WHAT THE HECK IS THE MATTER WITH YOUR GRANDMA ANYWAY?

Seriously, I know a lot of grandmas, and lots of ’em are really quite cool. Some of my best friends are grandmas. And just yesterday I was thinking about my great-grandmother, who died while my mother was pregnant with me. I never met her, but I grew up on stories about her, and the ever-diminishing number of my relatives who did know her never seem to run out of those stories.

May Preston Jenkins, President, Women's Suffrage League

May Preston Jenkins, President, Women’s Suffrage League, 100 years ago

College educated, the eldest of 9 kids, a cigar-smoking, bloomer-wearing Suffragist, my great-grandmother is among the reasons I can do stuff today like “vote” and “own property and even a business in my own name,” things that she did AT THE SAME TIME AS SHE WAS KNITTING. Heck, you know what? My grandmother told me she remembered her mother taking her to see Red Sox games when she was a teenager… and both of them knitting on the T. That sure sounds like the knitting scene I know today.

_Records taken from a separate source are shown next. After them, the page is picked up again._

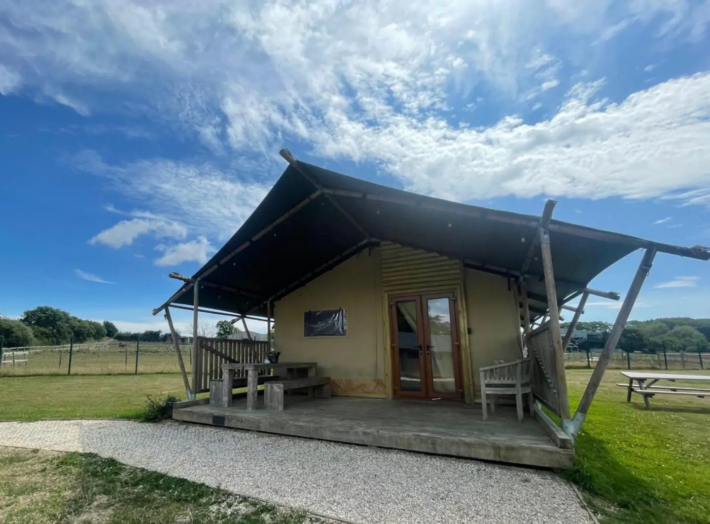 View our luxurious glamping tents which feature private shower rooms, kitchen areas, king and bunk beds, lockable PVC doors, electrical sockets and lighting.
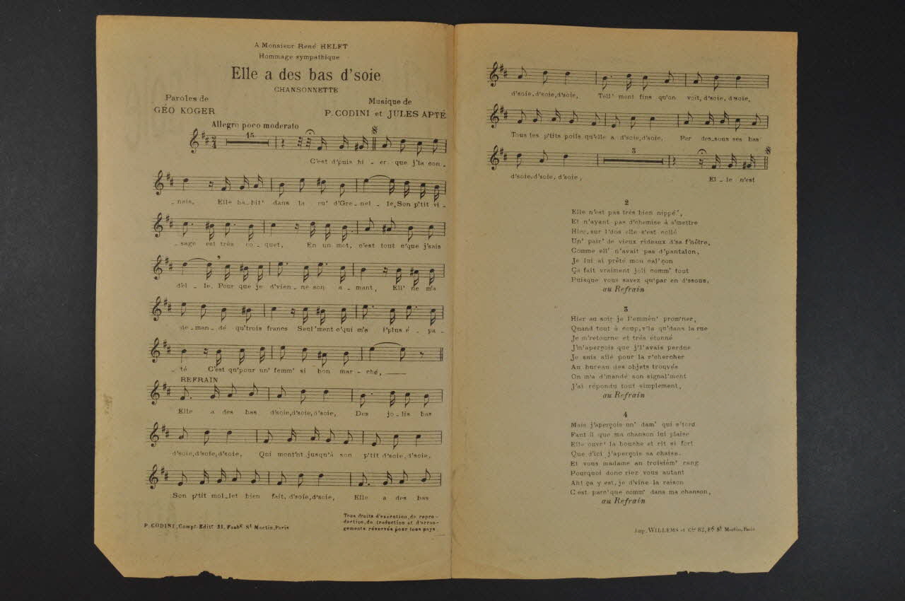 Des inscriptions renseignent le titre, les auteurs, les exécutants et l'éditeur. A l'intérieur, partition et paroles de la chanson. Au dos, liste d'autres partitions publiées par l'éditeur.Matériaux et techniques
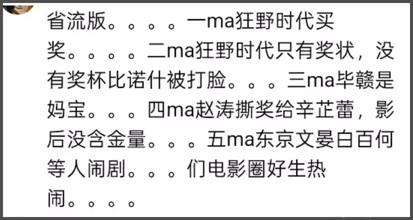 但也有网友表示,“撕奖”并不代表是走后门,只是评委作为中国人,在评审团如果有话语权能认真讲解,更容易帮评审团理解影片,中国电影得奖的概率也会高一些,要说控制评审团投票,那是不太可能的。
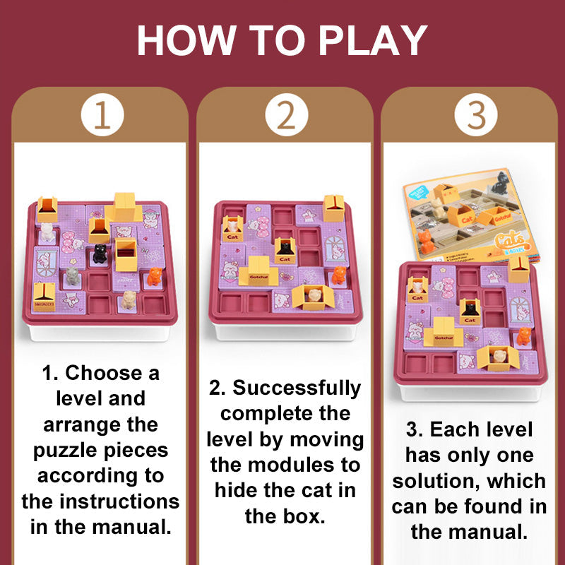EDUCATIONAL GAMEPLAY: Designed to enhance critical thinking and problem-solving skills as players help all 5 cats hide in their boxes to complete each level.
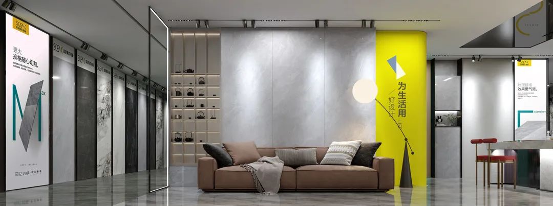 雅灰立定空間調(diào)性,檸檬 黃為雅灰注入鮮亮澄澈,展示出森尼陶瓷·巖板的時尚和活力。
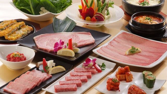 当店は50年以上にわたり、焼肉・韓国料理一筋で「おいしさ」を追及してきました。北は青森から南は九州まで、妥協を許さず常に新鮮で最高の黒毛和牛をご用意しています。その味を引き立てるのは、当社独自製法による秘伝のタレ。厳選醤油をベースにワイン・ニンニク・リンゴを加え、3日間じっくり熟成させています。富山県産純度100%のコシヒカリ、科学肥料・農薬を一切使用せずにイチから育てたサンチュなど、こだわりの食材とともにお楽しみください。
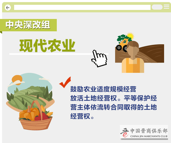 针对这种情况,中央深改组提出要形成农村土地所有权、承包权、经营权三权分置、经营权流转的格局。此后,深改组还明确提出要放活土地经营权,在依法保护集体所有权和农户承包权的前提下,平等保护经营主体依流转合同取得的土地经营权,保障其有稳定的经营预期。一前一后两次出台文件,既为现代农业从业者消除了土地流转的障碍,同时也为其稳定经营吃下了一颗定心丸。
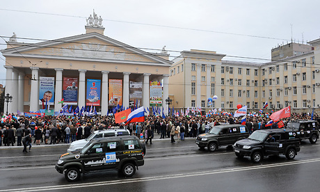 По завершении митинга профсоюзов его участники присоединились к шествию «Геогриевская ленточка», прошедшем от Театральной площади к площади Партизан, а затем приняли участие в торжественном открытии «Вахты Памяти −2013».
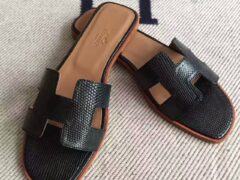 純粋な手作りエルメスの新しい輸入トップトカゲ革スリッパ35-42ヤードCK89黒
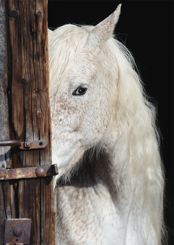 Un beau cheval pommelé avec une crinière de blanc pur vous regarde derrière la porte de la grange.
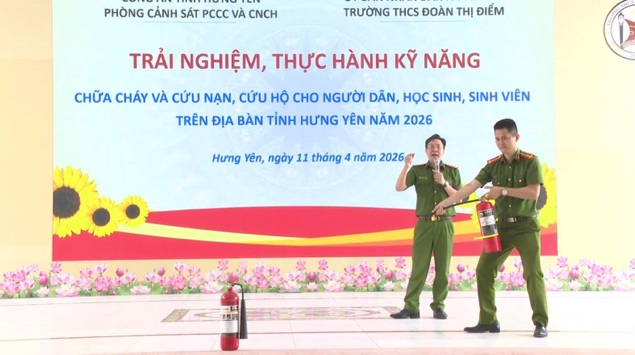 Ngày 11/4, tại Trường THCS Đoàn Thị Điểm (xã Yên Mỹ), Đội PCCC và CNCH Khu công nghiệp Thăng Long II, Phòng Cảnh sát PCCC và CNCH Công an tỉnh Hưng Yên đã tổ chức tuyên truyền, phổ biến kiến thức PCCC và CNCH cho hơn 800 cán bộ, giáo viên và học sinh. Nội dung tập trung thông tin về tình hình cháy, nổ trên cả nước và địa bàn tỉnh; phân tích nguyên nhân, nguy cơ tiềm ẩn trong môi trường học đường; đồng thời giới thiệu những điểm mới của Luật PCCC và CNCH và các văn bản hướng dẫn thi hành. Không dừng lại ở lý thuyết, lực lượng Cảnh sát PCCC và CNCH đã trực tiếp hướng dẫn kỹ năng nhận biết nguy cơ cháy, nổ; biện pháp phòng ngừa; cách xử lý khi xảy ra sự cố; kỹ năng cứu người bị nạn. Học sinh và giáo viên được tham gia thực hành sử dụng bình chữa cháy xách tay để dập tắt đám cháy gas, thực hành di chuyển, thoát nạn trong môi trường có khói, khí độc, sử dụng phao cứu hộ… Qua đó hình thành phản xạ, kỹ năng cần thiết, chủ động ứng phó trong các tình huống khẩn cấp.
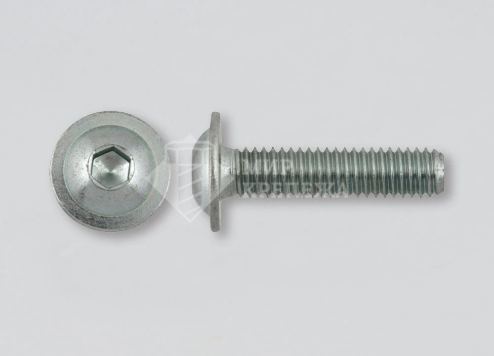 Винт ISO 7380 A2 с плоской скруглённой головкой, с буртом и шестигранным углублением под ключ. Достаточно часто данный винт используют при монтаже в станках и приборах. Кроме того, его применяют для крепления различных конструкций в таких сферах, как машиностроение, приборостроение и строительство. Для монтажа такого винта используют специальную шестигранную отвертку.
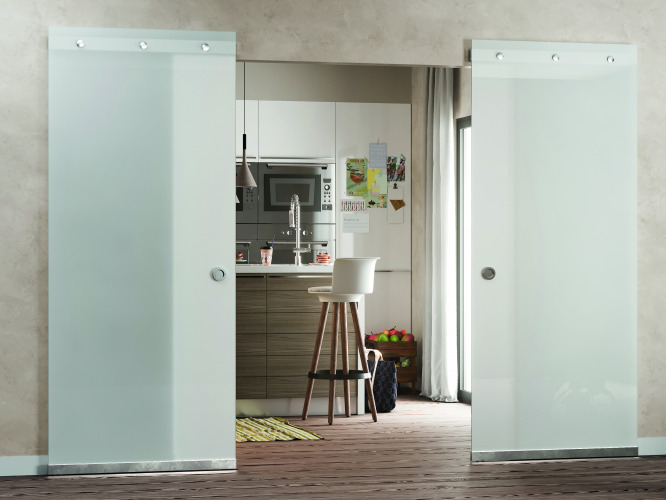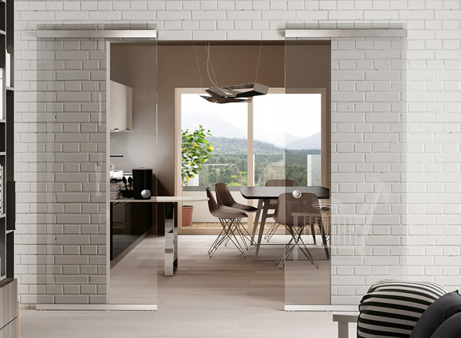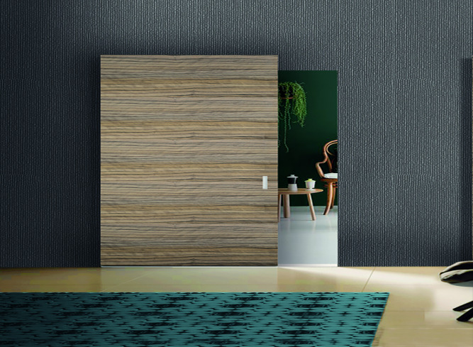 SLIDING DOOR SYSTEMS WITH VISIBLE MECHANISM ALONG THE WALL
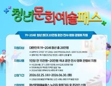 뉴스다 최광묵 기자 | 창원특례시는 청년들의 문화 향유 기회를 확대하고 문화소비 역량을 높이기 위해 ‘2026년 청년문화예술패스’ 사업을 오는 25일부터 본격 시행한다. 청년문화예술패스는 협력예매처에 등록된 공연·전시·영화 티켓 예매 시 사용할 수 있는 온라인 포인트를 지원하는 사업이다. 올해는 지원 대상을 기존 19세에서 20세까지 확대해 2006~2007년생 청년에게 1인당 연 20만 원 상당의 온라인 포인트를 지급한다. 다만 2006년생 가운데 2025년 청년문화예술패스 포인트를 이미 사용한 경우에는 지원 대상에서 제외된다. 신청 및 발급은 공식 누리집에서 회원가입을 한 후 신청하면 된다. 신청기간은 ▲1차(2월 25일 ~ 6월 30일), ▲2차(8월 10일 ~ 11월 30일)이며, 예산 소진 시 조기 마감될 수 있다. 발급받은 패스는 2026년 12월 31일까지 사용할 수 있으며 상반기 발급 후 7월 31일까지 사용 이력이 없을 경우 지원금은 회수된다. 장금용 창원특레시장 권한대행은 “청년문화예술패스를 통해 사회로 첫발을 내딛는 청년들이 문화예술을 더욱 쉽게 접하고, 향유할 수 있는 기회

So yeah. Not my grandma’s knitting? All I’ve got to say is, dude, you obviously know neither my grandma, nor her knitting. In fact, I’m willing to bet you don’t know anyone’s knitting, and the number one indicator that’s the case? It was when you said “this isn’t your grandma’s knitting.”

Next up, perhaps: I’m going to teach a yoga teacher to knit, so we can conclusively speak to the question of whether or not it’s “the new yoga.”